■ WORK ORDER
Reproduce only the lines of the material below that start at the line containing "This Lemons Dinnerware" and stop at the line containing "Diamond Eternity Tennis". Keep both end lines.

Start of EXERCISE INPUTS

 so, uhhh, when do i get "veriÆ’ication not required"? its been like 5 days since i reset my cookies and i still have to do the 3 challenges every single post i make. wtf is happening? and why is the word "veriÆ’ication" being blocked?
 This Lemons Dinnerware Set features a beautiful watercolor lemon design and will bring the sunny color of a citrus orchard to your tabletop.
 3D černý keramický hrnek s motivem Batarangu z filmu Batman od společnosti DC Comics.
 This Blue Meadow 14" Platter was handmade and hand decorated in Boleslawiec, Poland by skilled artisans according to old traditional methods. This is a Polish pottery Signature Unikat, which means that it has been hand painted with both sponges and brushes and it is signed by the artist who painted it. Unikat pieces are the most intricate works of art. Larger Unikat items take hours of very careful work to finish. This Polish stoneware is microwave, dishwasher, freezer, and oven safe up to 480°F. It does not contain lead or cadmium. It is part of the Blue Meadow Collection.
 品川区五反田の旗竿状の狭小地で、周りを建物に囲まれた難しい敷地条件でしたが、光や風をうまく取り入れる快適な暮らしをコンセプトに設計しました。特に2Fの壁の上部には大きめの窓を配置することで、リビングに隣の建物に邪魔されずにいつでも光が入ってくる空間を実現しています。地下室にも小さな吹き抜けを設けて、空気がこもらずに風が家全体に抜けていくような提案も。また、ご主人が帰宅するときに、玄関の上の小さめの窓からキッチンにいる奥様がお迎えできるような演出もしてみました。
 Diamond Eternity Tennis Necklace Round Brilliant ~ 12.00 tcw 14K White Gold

End of EXERCISE INPUTS
Start of EXERCISE INPUTS

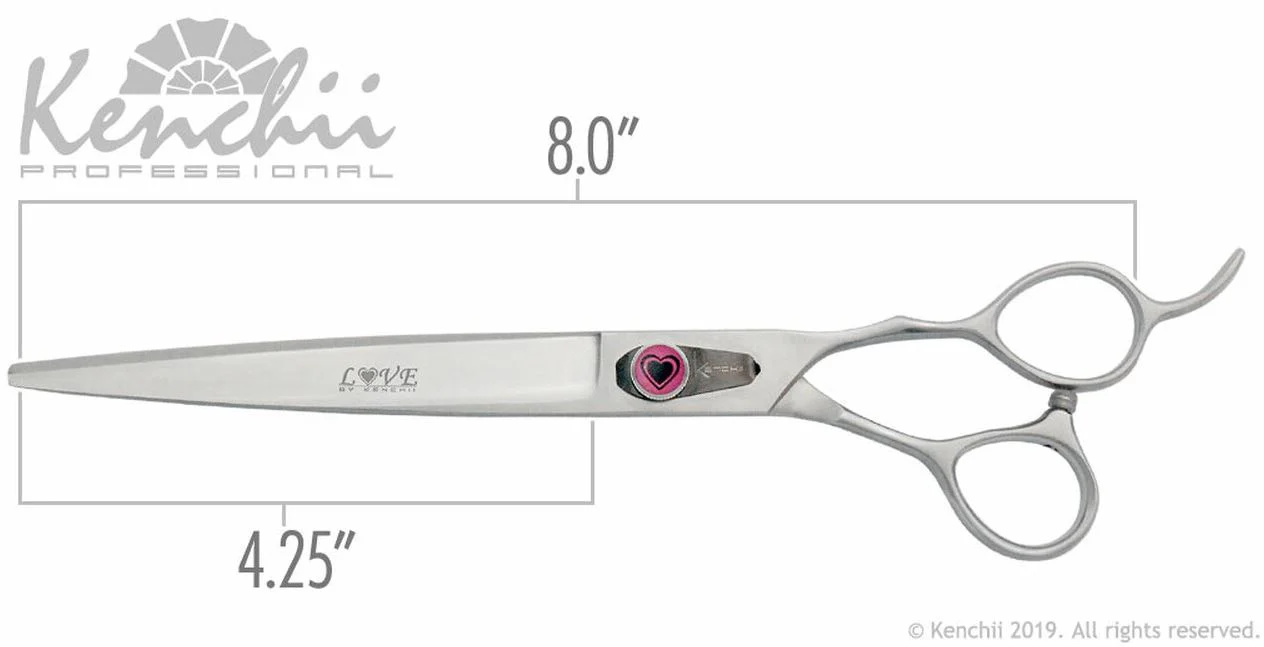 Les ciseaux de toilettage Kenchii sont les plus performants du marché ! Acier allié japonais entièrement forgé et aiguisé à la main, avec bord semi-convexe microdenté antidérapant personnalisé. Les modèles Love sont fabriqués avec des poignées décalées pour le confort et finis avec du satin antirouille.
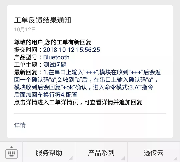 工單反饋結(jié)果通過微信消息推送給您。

End of EXERCISE INPUTS
Start of EXERCISE INPUTS

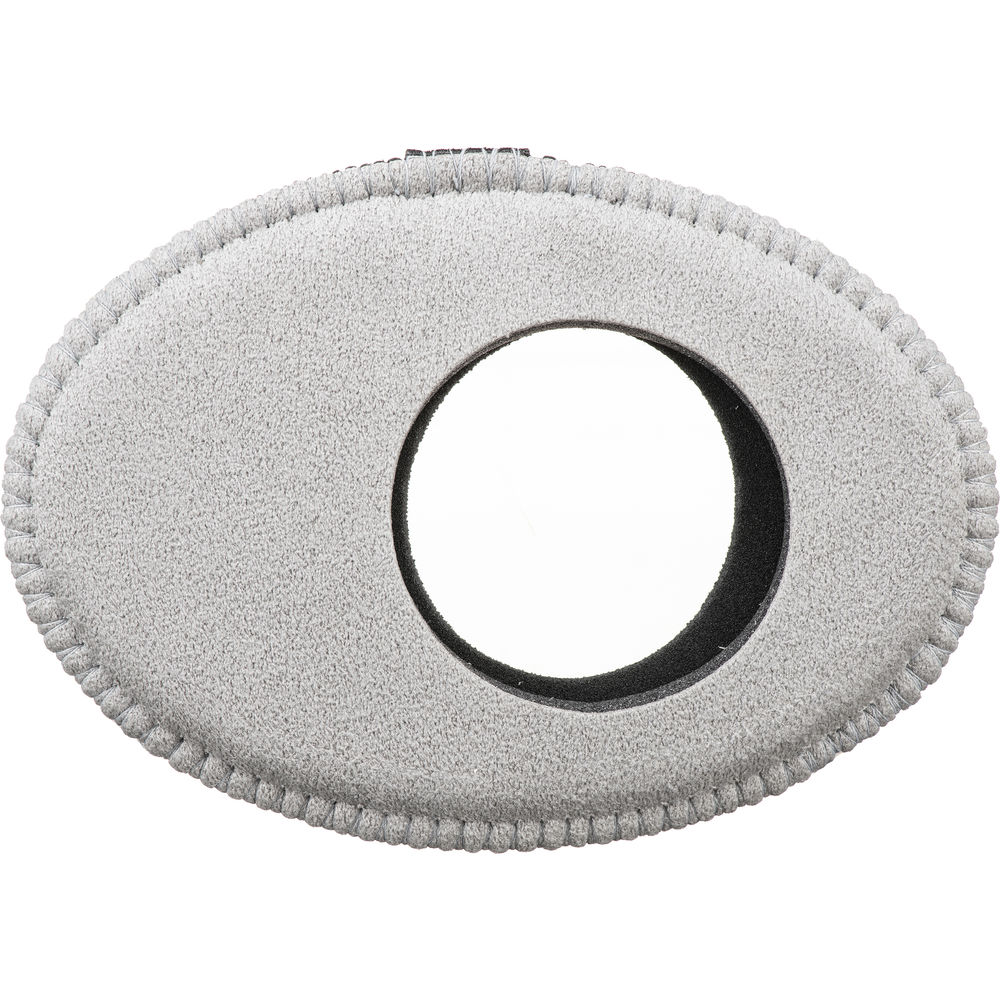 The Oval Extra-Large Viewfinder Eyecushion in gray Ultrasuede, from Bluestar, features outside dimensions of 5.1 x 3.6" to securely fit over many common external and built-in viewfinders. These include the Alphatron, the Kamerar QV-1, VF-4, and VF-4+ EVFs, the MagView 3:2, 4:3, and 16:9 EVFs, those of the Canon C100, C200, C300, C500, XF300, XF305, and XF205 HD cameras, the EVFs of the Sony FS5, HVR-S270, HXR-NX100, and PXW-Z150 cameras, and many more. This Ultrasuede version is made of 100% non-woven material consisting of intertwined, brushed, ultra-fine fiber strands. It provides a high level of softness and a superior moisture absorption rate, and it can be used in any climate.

End of EXERCISE INPUTS

■ ANSWER FOR THE TASK
 This Lemons Dinnerware Set features a beautiful watercolor lemon design and will bring the sunny color of a citrus orchard to your tabletop.
 3D černý keramický hrnek s motivem Batarangu z filmu Batman od společnosti DC Comics.
 This Blue Meadow 14" Platter was handmade and hand decorated in Boleslawiec, Poland by skilled artisans according to old traditional methods. This is a Polish pottery Signature Unikat, which means that it has been hand painted with both sponges and brushes and it is signed by the artist who painted it. Unikat pieces are the most intricate works of art. Larger Unikat items take hours of very careful work to finish. This Polish stoneware is microwave, dishwasher, freezer, and oven safe up to 480°F. It does not contain lead or cadmium. It is part of the Blue Meadow Collection.
 品川区五反田の旗竿状の狭小地で、周りを建物に囲まれた難しい敷地条件でしたが、光や風をうまく取り入れる快適な暮らしをコンセプトに設計しました。特に2Fの壁の上部には大きめの窓を配置することで、リビングに隣の建物に邪魔されずにいつでも光が入ってくる空間を実現しています。地下室にも小さな吹き抜けを設けて、空気がこもらずに風が家全体に抜けていくような提案も。また、ご主人が帰宅するときに、玄関の上の小さめの窓からキッチンにいる奥様がお迎えできるような演出もしてみました。
 Diamond Eternity Tennis Necklace Round Brilliant ~ 12.00 tcw 14K White Gold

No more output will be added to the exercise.